Let me take you back.  When I talked about my life, I thought it was normal.  Overly normal. I thought everyone worked summers in factories and shot beebee guns by firelight and wore patched jean jackets.  NORMAL.

Joe Mackall

The Great Joe Mackall

When I went to college at Ashland University, magic happened.  I somehow wound up in the English 101 class of Dr. Joe Mackall.  His first assignment?  A personal narrative about whatever we wanted.  So on a hot August night in my dorm room, I sat down and wrote about attending a KISS and Aerosmith concert–about how the grass felt on the lawn that night, cool yet sticky.  About how I somehow felt a kinship with people I didn’t know, and people I’d never really know, and how I felt more comfortable in decades prior to my time than in my own time.  I wrote about the chains that bounced off my hip as I climbed the hill of Germain Amphitheatre in Columbus, Ohio, and how I held the callused hands of a boy who kept me at skin’s length even though I wanted more than anything to be a part of him.

I turned in the paper.  The next class, Joe kept me after.  The humid air had crept in through the windows and the sweaty plastic of the desk stuck against my forearms.  I felt like I was suffocating.  “What’s your major?” he asked.

“Undecided…but leaning toward education?” I half-asked.  Was there a right answer?

“No.  Creative writing.  You have something here,” Joe said.  Apparently there was.  When I left Miller Hall that day, two weeks into my college career, I felt like I had direction for the first time.  The flowers were brighter and the sky was bluer, and I felt like Joe had uncovered a part of me that I didn’t even know existed, like he had peeled back my own calluses and exposed a raw, undeveloped part of me.

As with any “new skin,” this part of me was sensitive.  I babied it, wouldn’t fully walk on it right away.  It was an odd sensation, having someone believe that what I had to say was worth something, that my insights meant something.  That my story was one that people might want to hear.

I spent many nights at the computer, my chair tilted back on two legs, trying to find my reality.  Reality.  It felt so foreign then.  It felt like a thing of value.

All through college, I pecked away at my keyboard.  When I couldn’t write, I turned on Metallica, turned off the lights, and hung upside down on my futon.  I tried.

Four quick years later, I was getting ready to graduate when Joe asked me, “What do you think about grad school?”

I shrugged.  After a barrage of questions from my mother about what the hell I was going to do with a Creative Writing degree, I decided that grad school would only be a waste of money.

University of North Carolina at Wilmington.  You should apply.  A friend of mine, Philip Gerard, is down there.  You’ll learn a lot from him,” Joe said.

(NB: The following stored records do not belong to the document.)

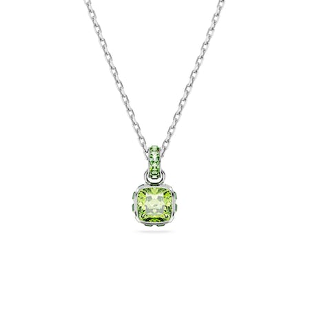 This delicate pendant is inspired by the birthstone of August. Hanging from a fine chain with a shimmering link of crystals, the rhodium plated jewellery features a single square-cut stone in a peridot green hue, representing a fresh perspective and empowerment every day. This meaningful design makes a magical birthday gift or can be worn to celebrate a time that is significant to you.
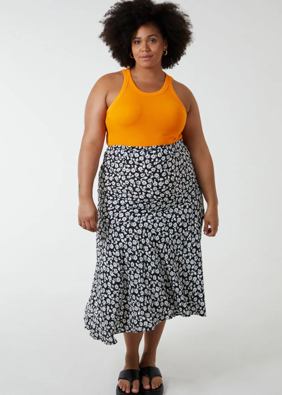 Get ready for a walk in the park with our Asymmetric Seam Midi Skirt. Pair with heels for an office look!
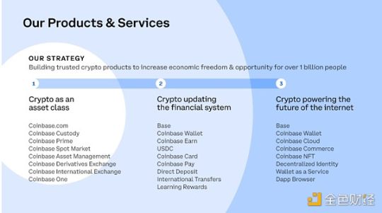 Coinbase 正在建设一个明确规则、合作伙伴关系和受信任的产品与基础设施的舞台,以支持当今和未来的创新,从目前正在进行的金融系统更新,到加密货币的下一个篇章——当全球 10 亿人使用基于加密货币的去中心化服务、云服务和商业时,这表明链上是新的在线方式。
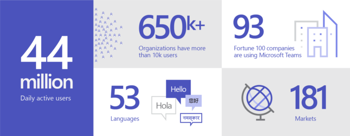 Negli ultimi tre anni, migliaia di organizzazioni, piccole e grandi – incluse 93 delle aziende Fortune 100 – hanno scoperto come Teams possa essere il proprio hub per il teamwork e aiutare le persone a restare connesse e motivate. Le organizzazioni leader di settore stanno implementando Teams a livello estensivo. Infatti, 20 clienti hanno oltre 100.000 dipendenti che usano Teams attivamente, tra cui Ernst & Young, SAP, Pfizer e Continental AG, così come Accenture, che ha 440.000 dipendenti attivi su Teams.
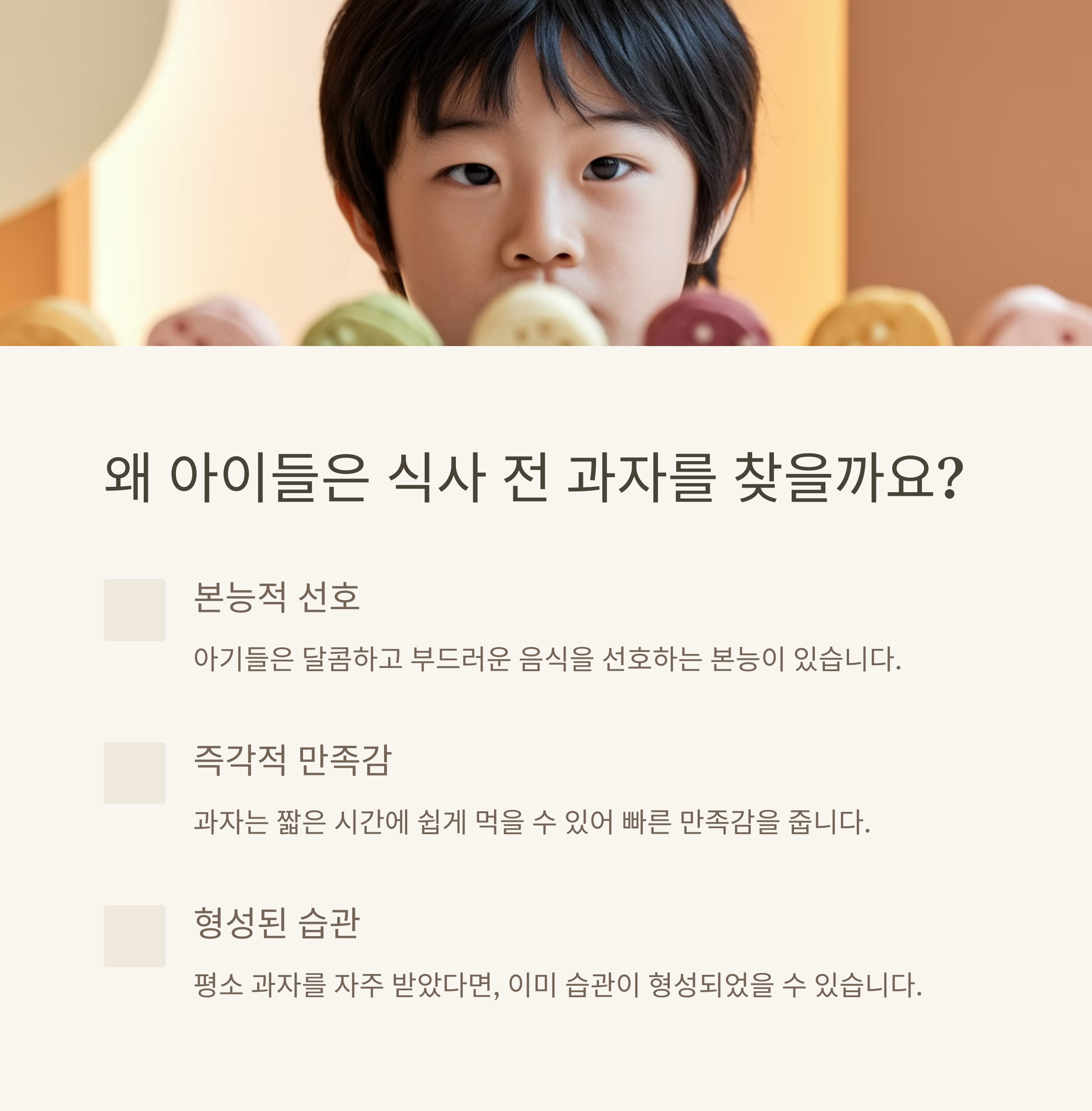 부모님께서는 아이의 이러한 행동을 이해하는 동시에, 식사 시간이 올바른 식습관 형성에 매우 중요하다는 점을 인식해야 합니다. 단순히 과자를 주지 않는다고 해서 문제가 해결되는 것이 아니라, 아이의 감정과 욕구를 적절히 수용하면서 올바른 대안을 제시하는 것이 관건입니다.

So I applied. I got accepted. I didn’t respond until they started calling me and asking me what I was going to do.    I decided I wouldn’t take it without a teaching assistantship, and the next day, I got the assistantship.  So in August of 2007, I moved to North Carolina with a fire in my hands to write.  I had managed to keep the skin that Joe revealed open–vulnerable, yet livable–everything that a writer should be.  Because if a writer is not vulnerable, are they really a writer?

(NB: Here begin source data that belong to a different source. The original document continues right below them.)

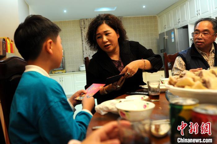 臺商曾文子給孫子發新年紅包。 張金川 攝
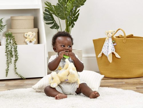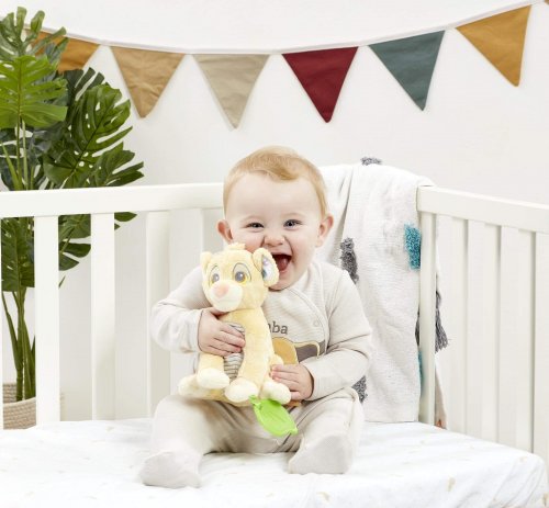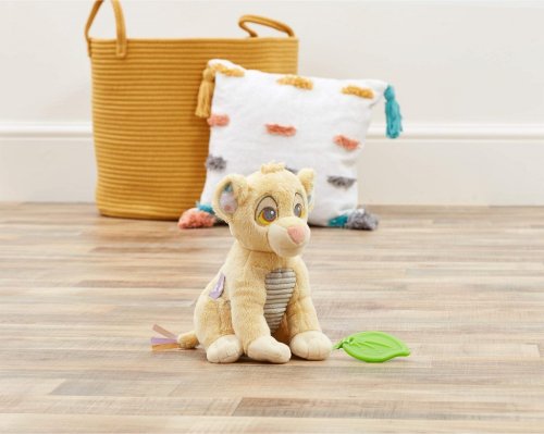 Seznamte se a hrajte si s roztomilým malým lvíčetem Simbou z Disney pohádky Lví král! Tato hračka je vyrobená z nejměkčího plyše a má spoustu zábavných funkcí, které rozvíjejí motorické smysly dětí. Lvíče má texturované bříško a měkce lemované uši. Na tlapce má připevněné kousátko, které pomáhá zklidnit bolavé dásně dítěte. Jednotlivé látkové stuhy, které jsou na ocásku a na noze, vybízejí ke smyslové hře. Tato plyšová hračka je vhodná od narození. Malý lvíček Simba je dokonalým plyšovým kamarádem pro různá dobrodružství, vyprávění či jen tak k přitulení před spaním. Hlavní vlastnosti: plyšová aktivity hračka s kousátkemvhodné od narozeníperfektní jako dárek pro novorozeněnapomáhá k rozvíjení smyslůnapomáhá raným motorickým dovednostem
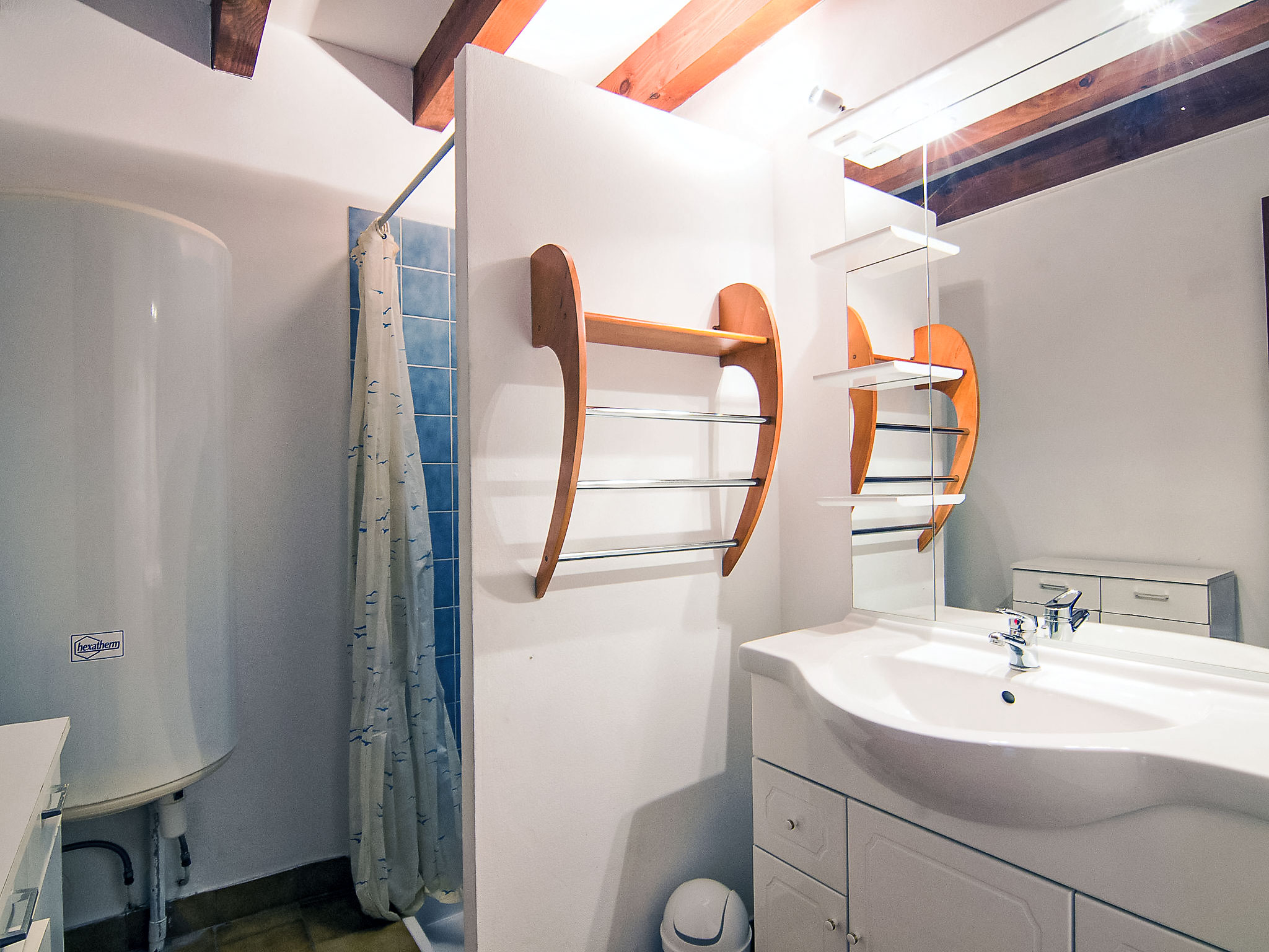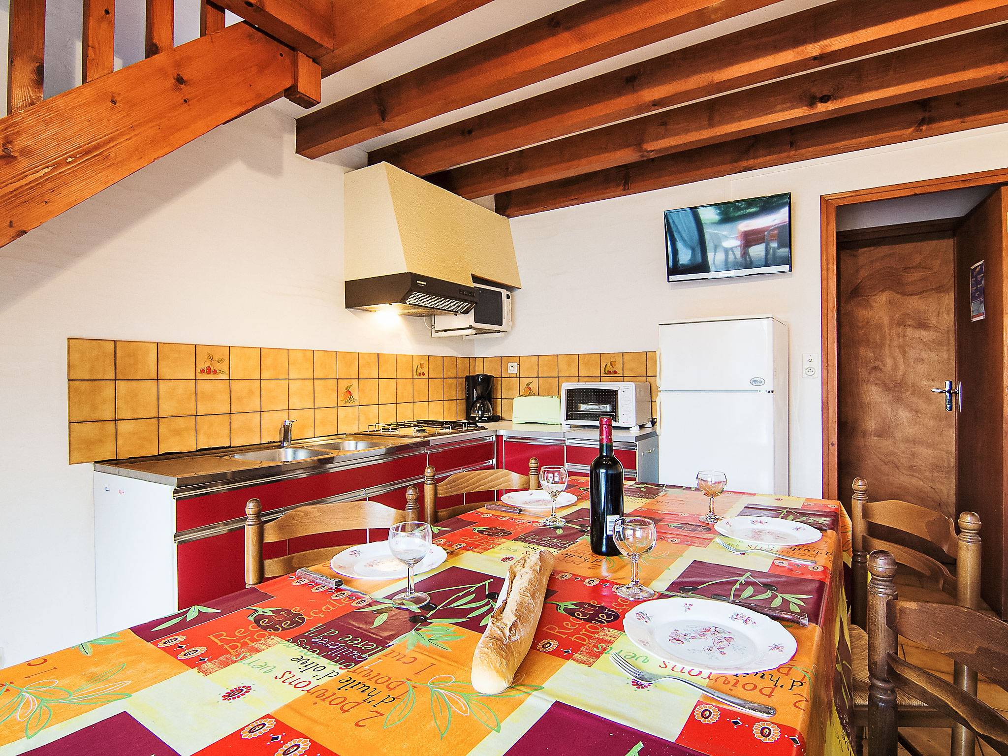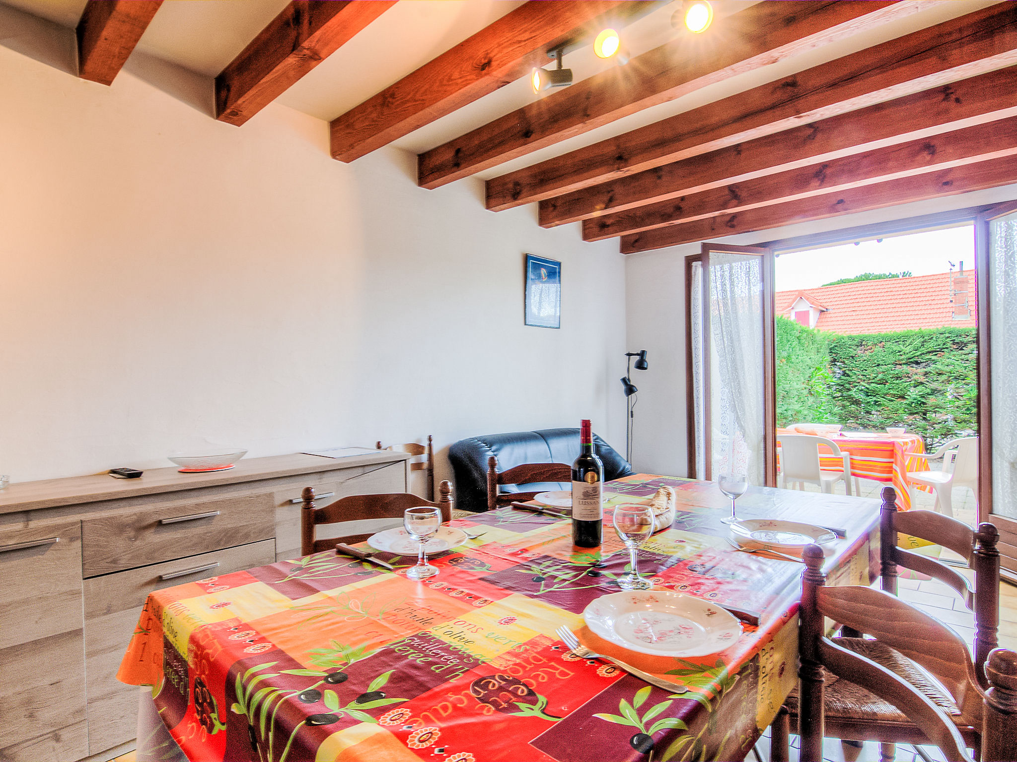 3-Zimmer-Reihenhaus 50 m2 auf 2 Stockwerken. Wohn-/Esszimmer mit TV und Internationale TV-Sender (Flachbildschirm). Ausgang zur Terrasse. Kochnische (4 Kochplatten, Mini-Backofen, Mikrowelle). Dusche, sep. WC. Obergeschoss: 1 abgeschrägtes Zimmer mit 2 Betten (90 cm, Länge 190 cm). 1 abgeschrägtes Zimmer mit 1 Bett (90 cm, Länge 190 cm), 1 franz. Bett (1 x 140 cm, Länge 190 cm). Terrasse. Terrassenmöbel, Liegestühle (1). Zur Verfügung: Internet (Wireless LAN, gratis). Bitte beachten: Maximal 1 Haustier/Hund erlaubt. Rauchmelder. Inserat einer Privatperson nach Artikel 155, IV, CGI.

The truth was that Philip Gerard was wonderful.  I felt comfortable with him much like I felt comfortable with Joe. I felt that I could learn something from them.  But, as I’ve mentioned, I could never fully enjoy grad school because I’m not sure I ever fully acclimated.  The place itself was wonderful, minus the humidity, and I ran into a few great people.  But most of the people there ruined it for me.  Remember that time I said “gypped”?  With everyone trying to be so politically correct, there was too much sameness.  People were letting go of their own identities so not to offend others.

But there was something else.  Something bigger.  Before I went to North Carolina, I found beauty in everyday things.  I saw beautiful, wonderful creatures in the people I worked with at Whirlpool, and I saw meaning in a dead-end bridge and a four-stroke engine.  I lost all that in North Carolina.  In North Carolina, I no longer felt like anything I had to say had meaning.  It felt like I was too normal.

This may or may not be true, and it may all be my own misconception, but it seemed very much like the only thing that was celebrated in my graduate program was the writing that was “different.”  And I understand that writing should be original, but when I say different, I mean crap like the lyric essay.  I mean taking so many risks with the format of the writing and the content that it no longer made sense.  It seemed like that was the stuff that was praised in grad school.  All I could think was, “Oh, you put a sentence four spaces down at the bottom and that space represents the emptiness you were feeling?  Shut up.”  When it came to writing, I always thought it was the truth behind it all, the crafting of the story, the reality that made it good.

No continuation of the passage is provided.